James Stewart was the classic Everyman actor, and as George Bailey he brings that quality in spades. He had already played the idealist lead for Capra in Mr. Smith Goes to Washington, but he seems to draw on his experiences as a veteran of WWII to reach deep inside George and bring out his inner turmoil. Consider the scene when he really begins to come apart at the seams after learning of his company’s missing $8000. The movie transitions from early scenes that play as a cross between romantic and slapstick comedy – George and Mary fall into the school pool as the gym floor opens beneath them; Mary loses her robe on the walk home – to something altogether more sinister. George returns home to his family preparing for seemingly inane Christmas activities and everything pales in comparison to the emotional devastation he’s facing. Later he stumbles around town drunk before contemplating ending his life. As the world closes in on George, so does the framing and cinematography, which mirror the claustrophobia he feels until Clarence comes down and gives George the gift of life.

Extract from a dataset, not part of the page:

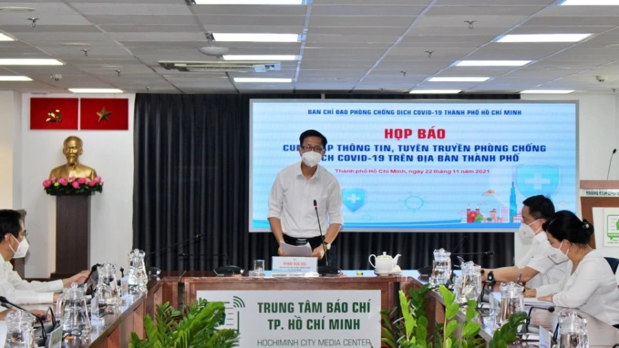 Ông Phạm Đức Hải, Phó trưởng Ban Chỉ đạo phòng chống dịch COVID-19 TP.HCM thông tin tại họp báo. Ảnh: TÁ LÂM
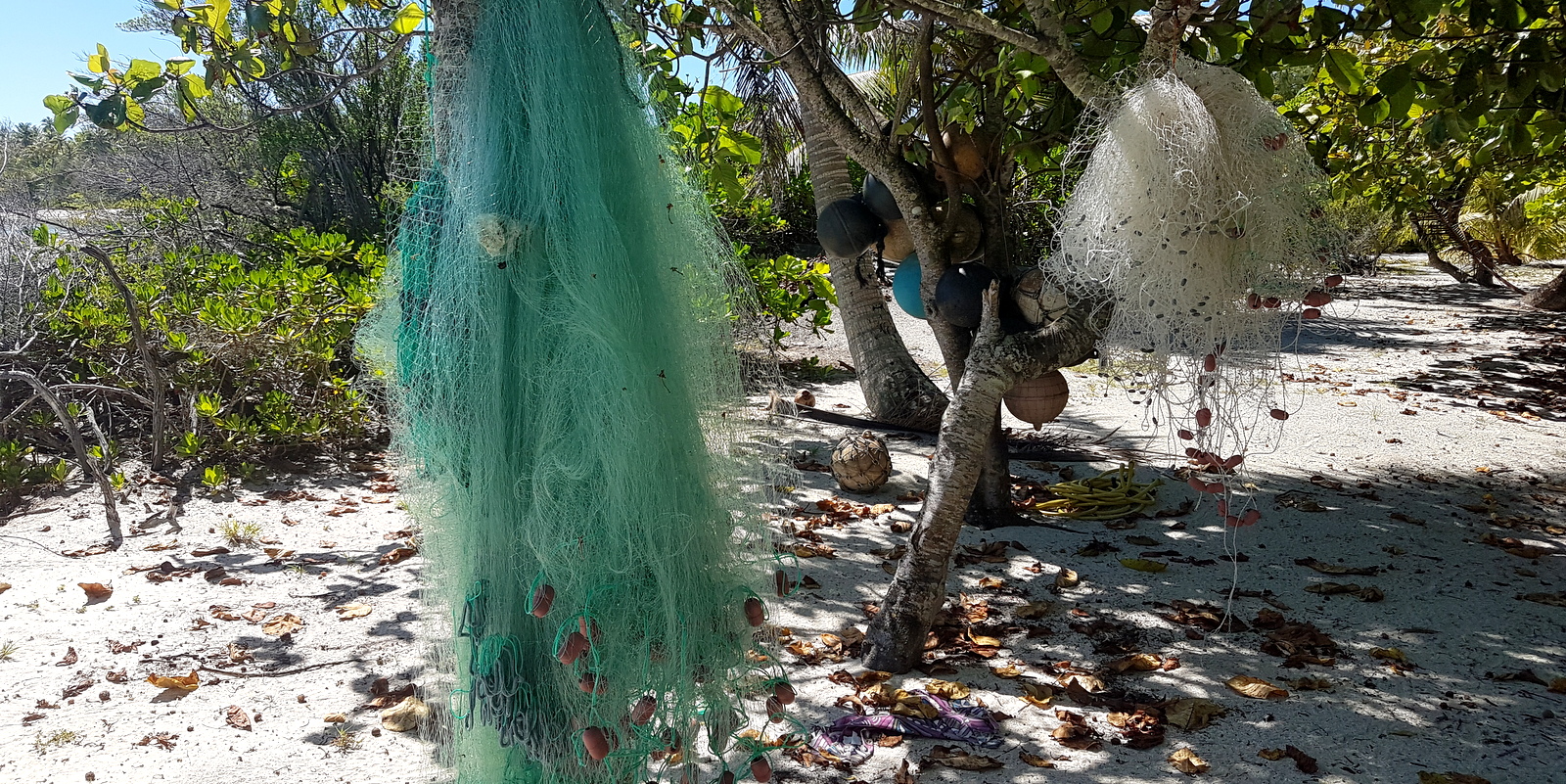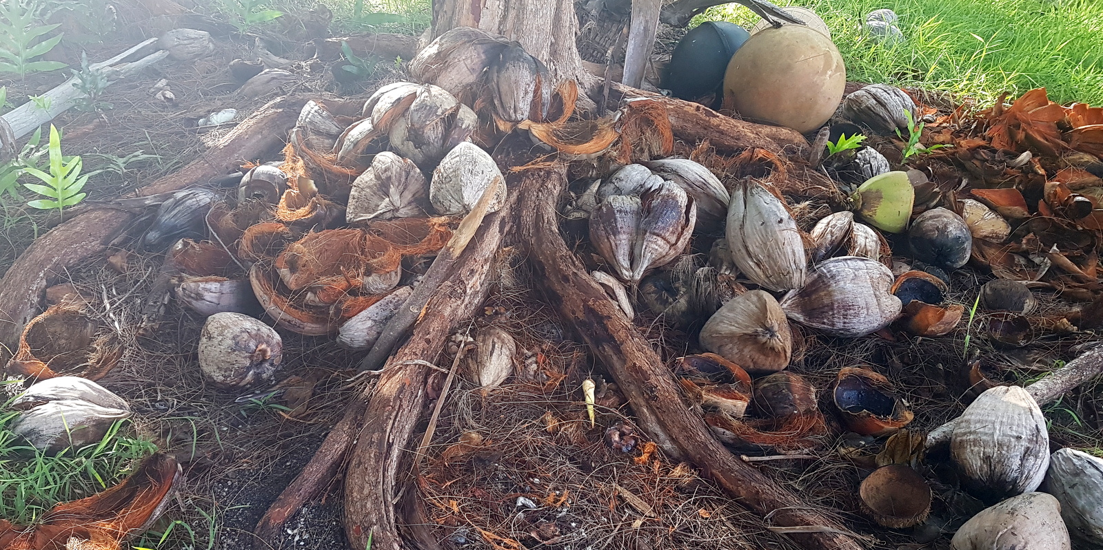 On trouve de nombreuses noix de coco sur le motu et on est bruyamment averti dès qu’il y en a une qui tombe de son arbre. Elles sont toutes comestibles et on peut les utiliser à tous les stades de maturation:

That gift – giving George the chance to see what Bedford Falls would be like if he’d never been born – is somewhat borrowed from Dickens, but it works because it’s such a shock to the system. Our lives touch so many more than we realize. Without George in the world, his brother Harry (Todd Karnes) drowns as a boy and so is never able to save a transport ship full of soldiers in the war. Without George, the pharmacist Mr. Gower accidentally poisons a sick child and winds up a poor vagrant. George witnesses all these changes and absences until the real stickler, the nail in the coffin, of discovering Mary to be an old maid and…a librarian! Watching the movie by modern standards this is quite the quaint notion, but in the film it’s treated as shocking and chilling to the bone.

Despite this antiquated moment and other dated conventions – like the conclusion bringing together every major character to briefly wrap up all the loose ends in a single tidy scene – the film retains a universal message. And it’s a message that hasn’t aged a bit. It is as relevant nearly seventy years later as it was then.